Saturday, June 16, 2012

The Funeral, Part I

I walk into my room and kick off my shoes.  I think of everyone else that was at the funeral today and I think of them in their rooms, kicking off their shoes too.  We've all just spent the better part of our day feeling the other side of love.  There is one side of love that you feel in your heart and it makes you feel happy and giddy and then there is the other side of love that you feel in your stomach, and it does not feel so  good. It is called mourning.

So we go home and kick off our shoes for one more day because we are still alive.  Our journey is not yet over, but one day it will be and then all of our friends will put on their shoes and stand around feeling the other side of love as it relates to us.  I hope in my case, that while they are standing around, they realize what I realized today.  We are symbiotic.  There are no one way encounters or relationships.  We touch each other and affect each other whether we realize it or not. Significantly.  When God places someone in our orbit, it is not unintentional.  I will try to be more deliberate in my interactions now because of this awareness.
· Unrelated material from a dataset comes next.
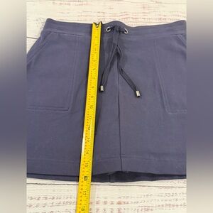 Chic dark blue mini skirt with drawstring waist. Features front pockets for added style.

Thank you for being in my orbit.

"The same God that placed that star in a precise orbit millennia before it appeared over Bethlehem in celebration of the birth of the Babe has given at least equal attention to placement of each of us in precise human orbits so that we may, if we will, illuminate the landscape of our individual lives, so that our light may not only lead others but warm them as well." ( Neal A. Maxwell  That My Family Should Partake, p. 86)


Tuesday, June 12, 2012

Aspen Grove

The Babylonians had it all wrong.  You don't build a tower to heaven...you drive there.  At 6:26 am yesterday morning I left McHenry County, Illinois and drove to Laramie Wyoming. After a good nights sleep in cowboy country, I resumed my journey and arrived at Aspen Grove, Utah at 2:39 this afternoon. 
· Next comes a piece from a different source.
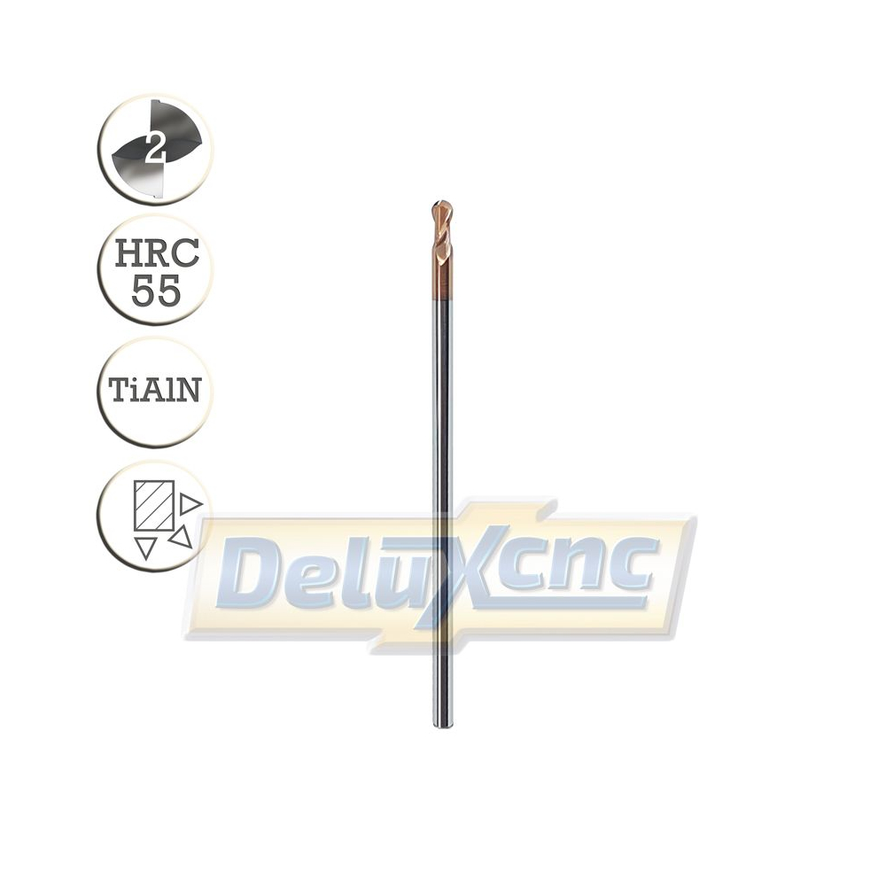 Doppelschneidige Hartmetallkugelmühle TiAlN R2mm extra lang

You're going to have a hard time convincing me that this is not heaven.  When I got here today, I only had to walk from my car to the lodge to get all teary eyed.  I had forgotten the smell of it, but little else.  Now I'm home, even though I've never actually lived here for more than a week at a time.  As you can see from the photo, it's beautiful and serene, but one of it's most charming qualities is how it feels.  It is inhabited by families that, for just one week, have come here for the sole purpose of being together without the interference of the world.   To eat, to laugh, to talk and to play together. Right now, although I am not doing any of those things with my own family, I can still feel the magic that is happening for those who are... and I love it.  It is so pure, that it even works on a stranger who is sitting in the shade all by herself, typing on her blog.  If this isn't heaven, then it's a suburb for sure.

Thursday, June 7, 2012

Drive In Theatre

In commemation of the 79th anniversary of the first drive-in movie theater:


This is the lock knob from our 1978 Ford Ltd. It was decapitated by a clunky drive-in
movie speaker that we forgot to remove from our car before driving away. Oops.
The year was 1990 and we had just watched Dick Tracy. We were probably trying to beat the rush of cars that would soon be lining up to exit. Since we didn't have any kids at the time I'm pretty sure we didn't have a good reason to be in such a hurry, other than chasing the pretense that we all tend to adopt from time to time that implies that making it out ahead of other people somehow merits a pat on the back. Well, haste not only makes waste, but it makes it really hard to lock and unlock your door from the inside.

I'm pretty sure that this is the only surviving piece of that vehicle but I'm not sure why I have kept it all these years.  That car was twelve years old when Mark bought it.  For a car that age, it didn't have many miles, but we soon discovered that it also didn't have many oil changes, or wax jobs, or anything else that lends to the longevity of a car .  When our friends wrote on that car with shoe polish the night of our wedding reception, the over exposed paint soaked it up good.  As a result, we never really could wash it completely off.  We drove around with cute little phrases like: "love hoopty" and "Mark's getting lucky tonight" and my favorite "ball and chain" for the remaining life of the vehicle.  It was a lemon...with a message.  Fortunately, it's life with us was rather short-lived.  It didn't even make it to Dick Tracy the Sequel (but then again...neither did Warren Beatty).

Wednesday, June 6, 2012

Donut Years


One hour in people time is ten years in donut time.
This donut is 18 hours old, and is therefore already a
candidate for the Smithsonian.


But if you took it to the Smithsonian, you would miss out
on the chocolate icing, which is still quite good.
Performing a simple icing-ectomy preserves this valuable asset.



(A custard filled donut after a custard-ectomy)
It's a dirty job, but somebody's gotta do it.